Hacker News new | ask | show | jobs
by hiyer 788 days ago
On my machine, the YJIT version of the original code is only ~30% faster than the non-YJIT version

    ~/scripts > ruby fib.rb                                                                                                                                                                                                                                                                     
    2.3346780000720173
    ~/scripts > ruby --yjit fib.rb                                                                                                                                                                                                                                                           
    1.5913339999970049
So looks like YJIT doesn't "know" about this optimization
1 comments

Ah thanks so much for trying it out. Interesting that it couldn't figure out that code path
I think it's just a matter of time. YJIT is still fairly young and doesn't do extensive inlining at the moment. If it did inline the block it could see the array is unused and avoid the allocation.

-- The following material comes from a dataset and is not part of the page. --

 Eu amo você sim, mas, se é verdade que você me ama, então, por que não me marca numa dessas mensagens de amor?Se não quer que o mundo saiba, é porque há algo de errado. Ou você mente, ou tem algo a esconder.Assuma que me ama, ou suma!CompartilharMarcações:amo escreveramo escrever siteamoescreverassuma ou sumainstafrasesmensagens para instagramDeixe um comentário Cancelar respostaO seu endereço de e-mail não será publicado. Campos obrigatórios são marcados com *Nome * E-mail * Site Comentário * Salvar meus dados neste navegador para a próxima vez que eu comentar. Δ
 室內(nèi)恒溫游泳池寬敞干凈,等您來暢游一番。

Running the original fib benchmark (i.e., without the author's technique to eliminate the array allocation) on an M1 Pro, I see:

  CRuby 3.3.1:
  2.058589000022039

  CRuby 3.3.1 w/ YJIT:
  1.4314430000958964

  TruffleRuby 24.0.1 (Native):
  0.20155820800573565

  TruffleRuby 24.0.1 (JVM):
  0.1336908749944996
I took the best time out of three for each implementation, but there wasn't that much variance over all. Standard caveats about benchmarking on an actively used laptop apply.

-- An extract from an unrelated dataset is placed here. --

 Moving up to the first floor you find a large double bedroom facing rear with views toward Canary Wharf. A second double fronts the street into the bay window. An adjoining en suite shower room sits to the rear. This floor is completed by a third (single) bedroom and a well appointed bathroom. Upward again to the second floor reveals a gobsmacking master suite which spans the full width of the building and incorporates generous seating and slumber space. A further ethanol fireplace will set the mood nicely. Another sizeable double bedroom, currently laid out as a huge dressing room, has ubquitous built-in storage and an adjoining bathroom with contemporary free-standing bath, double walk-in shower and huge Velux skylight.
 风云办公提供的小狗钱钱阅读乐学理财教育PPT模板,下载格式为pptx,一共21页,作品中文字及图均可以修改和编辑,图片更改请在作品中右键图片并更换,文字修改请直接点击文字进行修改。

Running the new prime_counter benchmark that the crystalruby author mentions in another thread¹, I see:

  Crystal 1.12.1 (LLVM 18.1.4) w/ crystalruby 0.2.0 in CRuby 3.3.1:
  0.34096299996599555

  CRuby 3.3.1:
  2.9615250000497326

  CRuby 3.3.1 w/ YJIT:
  1.640430000028573

  TruffleRuby 24.0.1 (Native):
  0.2504862080095336

  TruffleRuby 24.0.1 (JVM):
  0.25282600001082756
YJIT and TruffleRuby make different trade-offs, so I'm not trying to say the latter is necessarily better. But, I think the TruffleRuby numbers show what are possible in terms of Ruby optimization. Unfortunately, there's currently an issue in TruffleRuby with one of the crystalruby gem's dependencies³, so I had to extract the Ruby benchmark out to a separate file. incompatibility.

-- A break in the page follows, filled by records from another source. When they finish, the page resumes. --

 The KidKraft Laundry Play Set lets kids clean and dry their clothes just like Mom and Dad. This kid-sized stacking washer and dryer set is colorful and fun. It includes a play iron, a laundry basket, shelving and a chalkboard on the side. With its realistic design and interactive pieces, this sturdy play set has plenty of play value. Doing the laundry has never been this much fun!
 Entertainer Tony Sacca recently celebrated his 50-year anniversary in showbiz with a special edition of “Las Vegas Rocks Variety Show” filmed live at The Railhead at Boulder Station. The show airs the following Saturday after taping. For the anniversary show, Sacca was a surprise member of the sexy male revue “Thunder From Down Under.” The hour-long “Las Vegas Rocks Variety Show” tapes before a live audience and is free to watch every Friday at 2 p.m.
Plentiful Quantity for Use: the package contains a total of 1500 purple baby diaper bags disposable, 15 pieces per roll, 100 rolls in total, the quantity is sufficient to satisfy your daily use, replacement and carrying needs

¹ -- https://news.ycombinator.com/item?id=40153218

² -- The method_source gem used by crystalruby catches exceptions and matches against the message² for some conditional handling. TruffleRuby 24.0 now uses to Prism as its parser and Prism has an exception message with slightly different wording from CRuby. Consequently, method_source's handling doesn't work with Prism. It's hard to say where the compatibility issue lies, since exception messages aren't stable APIs. We'll get it sorted out.

³ -- https://github.com/banister/method_source/blob/06f21c66380c6...

> TruffleRuby 24.0.1 (JVM): > 0.1336908749944996

That's impressive numbers for running the unoptimized code. I might give TruffleRuby a shot!